Team members use a multi-step ‘bundle’ approach to reduce infection rates in hospital trauma unit.
Washington, D.C., October 6, 2010—Critically ill patients on a breathing tube are at risk not only from their injuries or diseases, but also from infections they can contract in the hospital. One of the most common infections is pneumonia from breathing tubes. A study of a new multidisciplinary protocol that has all but eliminated such infections at one hospital was reported on today at the 2010 Annual Clinical Congress of the American College of Surgeons.
Some estimates have put the incidence of ventilator-associated pneumonia, or VAP, at 250,000 to 300,000 cases a year in the United States, approximately five to 10 cases per 1,000 hospital admissions. Riad Cachecho, MD, MBA, FACS, studied the use of what is called a VAP bundle at Crozer-Chester Medical Center (CCMC) in Chester, PA, that led to elimination of VAP by the end of a four-year study period. “It is not impossible to eradicate ventilator-associated pneumonia from a trauma unit,” reported Dr. Cachecho, medical director of the Crozer Regional Trauma Center.

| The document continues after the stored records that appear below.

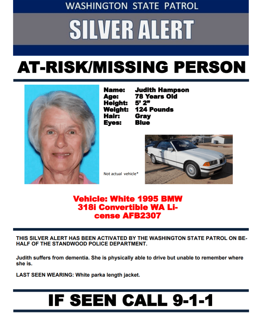SILVER ALERT: Stanwood area woman reported missing By Staff on December 4, 2022 5:02pm Update 8:30pm: Alert canceled. She had been located. Share this with friends/family via: Share on Facebook (Opens in new window) Facebook Share on Bluesky (Opens in new window) Bluesky Share on X (Opens in new window) X Share on Reddit (Opens in new window) Reddit Share on Nextdoor (Opens in new window) Nextdoor Share on Threads (Opens in new window) Threads Share on LinkedIn (Opens in new window) LinkedIn Share on Tumblr (Opens in new window) Tumblr Share on WhatsApp (Opens in new window) WhatsApp Print (Opens in new window) Print Email a link to a friend (Opens in new window) Email Discover more from Whatcom News Subscribe to get the latest posts sent to your email. Type your email… Subscribe
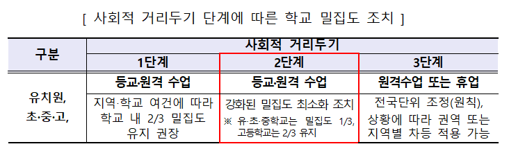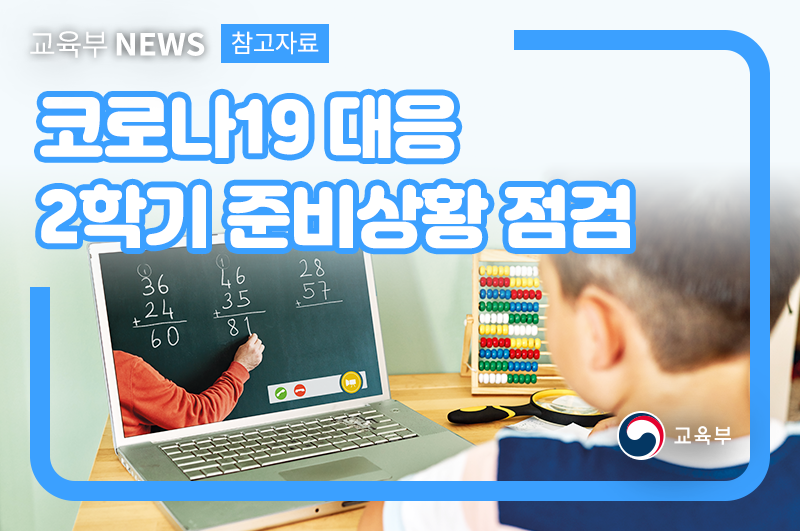 지난 8월 6일 교육부는 「2020학년도 2학기 학사운영 세부 지원방안」을 발표하고, 사회적 거리두기 단계별 등교‧원격수업 방식 및 탄력적인 교육과정(수업), 평가, 기록 방안 등을 안내했으며, 서울, 경기지역 사회적 거리두기 단계가 2단계로 격상(8.16)됨에 따라, 부총리 주재 시도교육감 영상회의(8.19)를 통해 학교 밀집도 등 교육분야 세부 후속조치 사항을 결정한 바 있다.
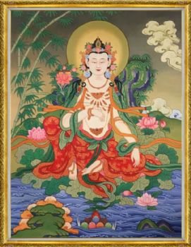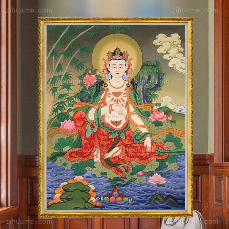 • 中式古典玄关佛堂书房竖版有框禅意藏式唐卡装饰画挂画
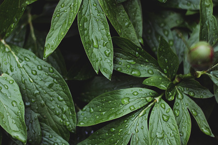 Lush greenery with raindrops

VAP is defined as a lower airway infection that occurs more than 48 hours after a patient has been placed on a breathing tube. VAP has been linked in some studies to longer patient stays in intensive care units and up to $40,000 in increased costs per individual patient, according to Dr. Cachecho.
The VAP bundle that was devised at CCMC consists of several steps in the care of the trauma unit patient, including elevating the patient’s head. Nurses also clean the patient’s mouth every two hours, rinsing the mouth with a germicidal mouthwash every six hours.
Dr. Cachecho analyzed data on 2,290 trauma patients brought to his institution’s shock trauma unit from 2005 to 2009, 1,006 of whom were on mechanical ventilation for more than 24 hours. His study was divided into two periods: 2005-2006 when education of the VAP bundle was taking place and 2007-2009 when the VAP bundle was fully implemented.
The pneumonia rate dropped to 1.5 per 1,000 ventilator days in 2007-2009 compared with 7.9 during the education period. The study showed no cases in the last eight months of 2009. Additionally, no cases of VAP occurred in the first three months of 2010, according to Dr. Cachecho.
The VAP bundle is part of a broader strategy the Crozer-Chester trauma unit employs that includes daily multidisciplinary patient rounds involving all members of the care team, including the primary nurse, the trauma surgeon, a pharmacist, respiratory therapist, social worker, and the trauma unit manager or the shift manager along with residents and students. The team uses a check list to review every item of the VAP bundle and all other bundles used in the trauma unit.
“Part of our improved culture of safety in the ICU is empowering nurses to question physicians, whether senior or junior, when they see things they don’t like,” Dr. Cachecho said. Other parts of the VAP bundle include blood-glucose control and preventative measures against gastrointestinal bleeding and blood clots in the legs. Recently, the trauma team added a new initiative to limit the amount of blood drawn for routine daily labs, limiting the blood loss caused by the unnecessary blood tests.
“Society today expects that when patients come to the hospital that they will not get an infection,” Dr. Cachecho explained. “One of the goals of the health care team should be to prevent any complications or side effects, whether it’s a hospital-acquired infection or an injury. Hospital care should be looked at as a zero-defect system, just like going on an airplane,” he concluded.
Dr. Cachecho was the sole investigator in this study.